The EMPA-KIDNEY trial had revealed that empagliflozin, a sodium–glucose cotransporter 2 (SGLT2) inhibitor, had positive cardiorenal effects in patients with chronic kidney disease who were at risk for disease progression. Recently the research team had conducted post-trial follow-up to assess the effects of empagliflozin after the discontinuation of the trial drug.

      In the active trial, patients with chronic kidney disease were randomly assigned to receive either empagliflozin (10 mg once daily) or matching placebo and were followed for a median of 2 years. Surviving patients who consented were observed for 2 additional years and they were not administered either trial empagliflozin or placebo during the post-trial period. However, the local practitioners could prescribe open-label SGLT2 inhibitors, including open-label empagliflozin. The primary composite outcome was kidney disease progression or cardiovascular death as assessed from the beginning of the active-trial period to the end of the post-trial period.

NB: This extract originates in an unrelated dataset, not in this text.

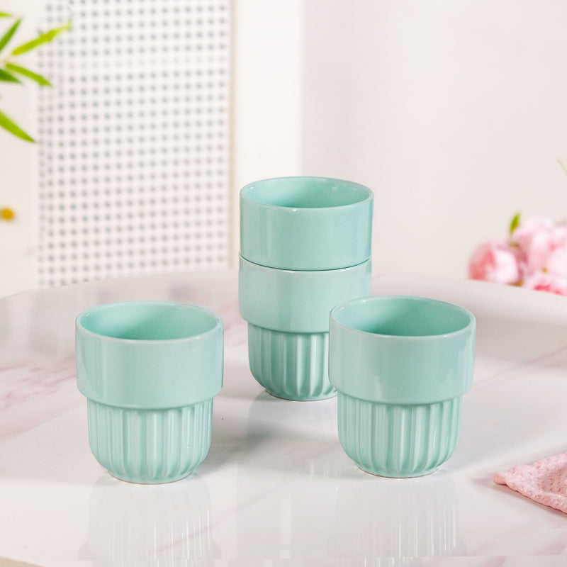 Benefits: Forged from non-porous ceramic, these cups promise steadfast durability and a pristine taste experience, as their smooth surface resists absorbing disparate flavours or odour. The radiant, glossy finish not only makes them a pleasure to handle but also remarkably simple to clean. The unique stackable feature is a true boon for efficient organisation, making them indispensable for compact pantries. The calming mint blue shade, complemented by the elegant ribbed fluting, imparts a fresh, contemporary charm perfect for serving morning coffee, evening tea, or even miniature desserts.

      4891 people were enrolled in the post-trial period. During the combined active- and post-trial periods, a primary-outcome event occurred in 865 of 3304 patients in the empagliflozin group and in 1001 of 3305 patients in the placebo group. During the post-trial period only, the hazard ratio for a primary-outcome event was 0.87. During the combined periods, the risk of kidney disease progression was 23.5% in the empagliflozin group and 27.1% in the placebo group; the risk of the composite of death or end-stage kidney disease was 16.9% and 19.6%, respectively; and the risk of cardiovascular death was 3.8% and 4.9%, respectively. There was no effect of empagliflozin on death from noncardiovascular causes in both groups.

      The study published in ‘The New England Journal of Medicine’ concluded that for up to a year following its discontinuation, empagliflozin maintained additional cardiorenal benefits in a wide range of individuals with chronic kidney disease at risk for advancement.